A4. I like your descriptor “prosperity gospel ‘burned over’ district!” There are so many good articles and books on Houston (and the region) already, studies of immigration and religion, folk saint religion, megachurches, etc. As the fourth largest city in the nation, and the most ethnically and racially diverse metropolitan area in the country, and home to some of the nation’s largest megachurches—and as I recently read one of the nation’s most economically segregated cities—there is much to learn about and research in Houston in relation to American religion. Lakewood is only part of the story. As I assembled the narrative of John Osteen’s early career, all of the neopentecostal connections between Tulsa and Houston struck me. People like Oral Roberts, T. L. Osborn, and Kenneth Hagin, for example, headquartered their ministries in Oklahoma. When John Osteen came on the neopentecostal scene in the late 1950s, he sought out these ministers, and learned much from their tactics and methods. There is a Dallas/Ft. Worth-area connection as well, when we consider the careers of other neopentecostals such as Gordon Lindsay (and The Voice of Healing magazine) and Kenneth Copeland. In her fantastic book Blessed, Kate Bowler does a great job of outlining the neopentecostal networks of which Osteen, Hagin, Roberts, and others were a major part. In many ways, the historical and cultural construction of “Joel Osteen” was not possible without these networks, so any accounting of his career—whatever becomes of it in the future—must consider this as a key part of the backstory. At the same time, grasping the cultural history of Houston, part of which I describe as a city of second chances, a city that is perpetually in the process of becoming, is central to understanding how and why Osteen’s message of positive thinking and spiritual makeovers receives such wide purchase and condemnation.  


Q5. Speaking of regional spiritual hotspots….one thing I do miss about Texas, I do miss Texas roadside BBQ… Do you want to use this space to one and for all put an end to the “who has the greatest BBQ debate?”  

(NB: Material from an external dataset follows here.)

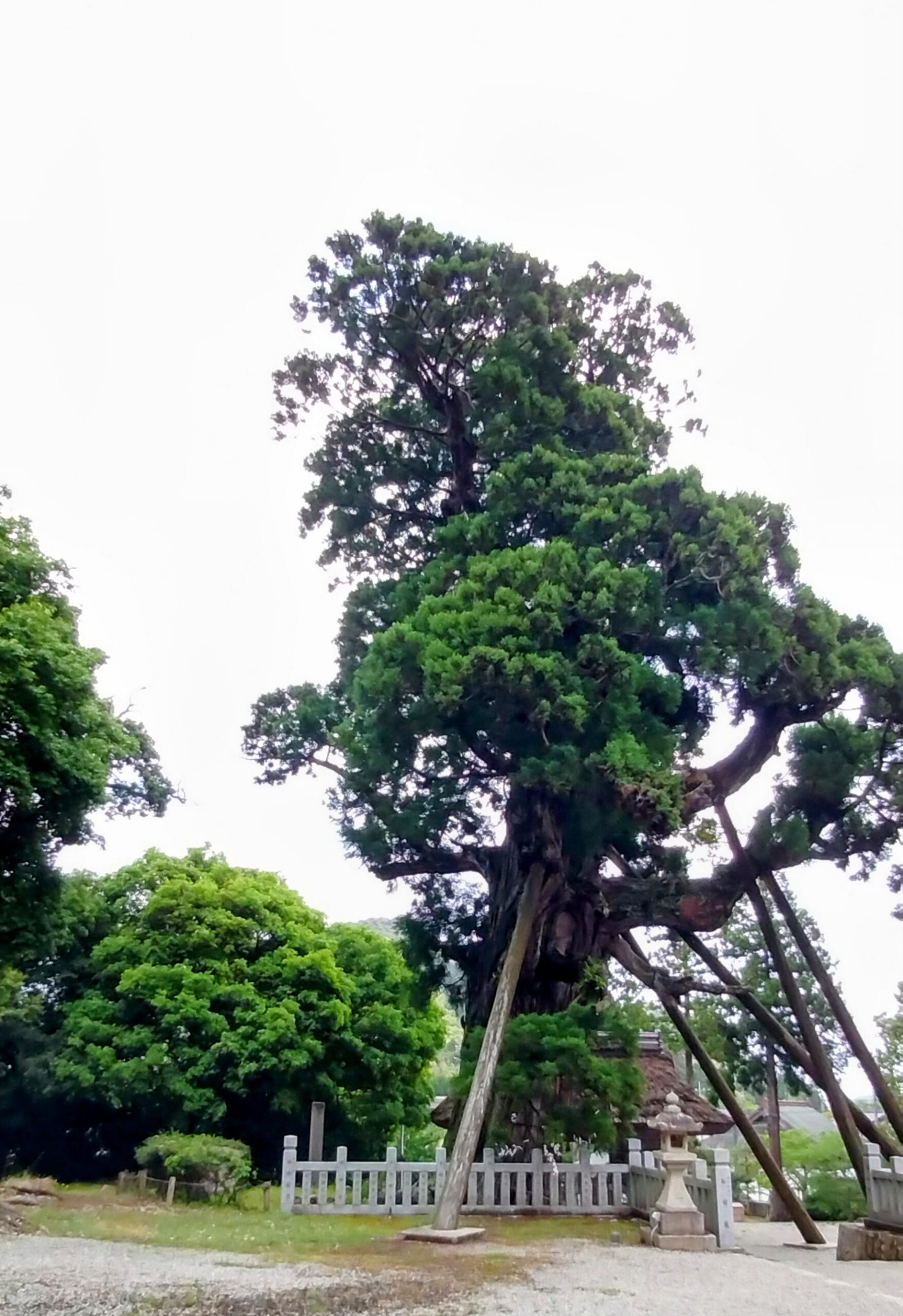 木の周囲には枝を支える太い木の柱が立てかけられており、近くで見るとその迫力に驚くでしょう。遠くからでもパワーが伝わってきそうな不思議な感覚を味わえますよ。

A5. This is a great question, Arlene, but to try to put an end to the best BBQ debate is as they say in West Texas, an attempt to lasso the wind. It is impossible. Some of the tasty BBQ that comes to mind includes Killen’s in Houston, as well as Goode Company BBQ, and Spring Creek BBQ. I’m leaving so many good spots off this list, so I apologize in advance to the BBQ experts. But I have a proposal for our friends and colleagues: since clearly this topic remains an open discussion and is enjoyable to debate, let’s assemble an informal religion scholar’s food committee to decide this question. We’ll convene over several evenings at multiple BBQ joints at this year’s American Academy of Religion meeting in San Antonio.


I look forward to Texas BBQ with Phil as we discuss our long-awaited project on religion in the 70s.

Please drop a few coin in and buy Phil's excellent new book here: http://www.amazon.com/Salvation-Smile-Lakewood-American-Christianity/dp/0814723888/ref=sr_1_1?ie=UTF8&qid=1454016546&sr=8-1&keywords=salvation+with+a+smile

Phillip Luke Sinitiere is Visiting Assistant Professor of History at Sam Houston State University. In 2009, he received a Ph.D. in history from the University of Houston. A scholar of American religious history and African American Studies, his books include Holy Mavericks: Evangelical Innovators and the Spiritual Marketplace, with Shayne Lee (NYU, 2009); Christians and the Color Line: Race and Religion after Divided by Faith, with J. Russell Hawkins (Oxford, 2013); Protest and Propaganda: W. E. B. Du Bois, The Crisis, and American History, with Amy Helene Kirschke (Missouri, 2014); and Salvation with a Smile: Joel Osteen, Lakewood Church, and American Christianity appeared in November 2015 with NYU Press.

Comments

Paul Harvey said…
Great book, great interviewer. Thanks, ya'll (sorry to go all southern on you, Arlene).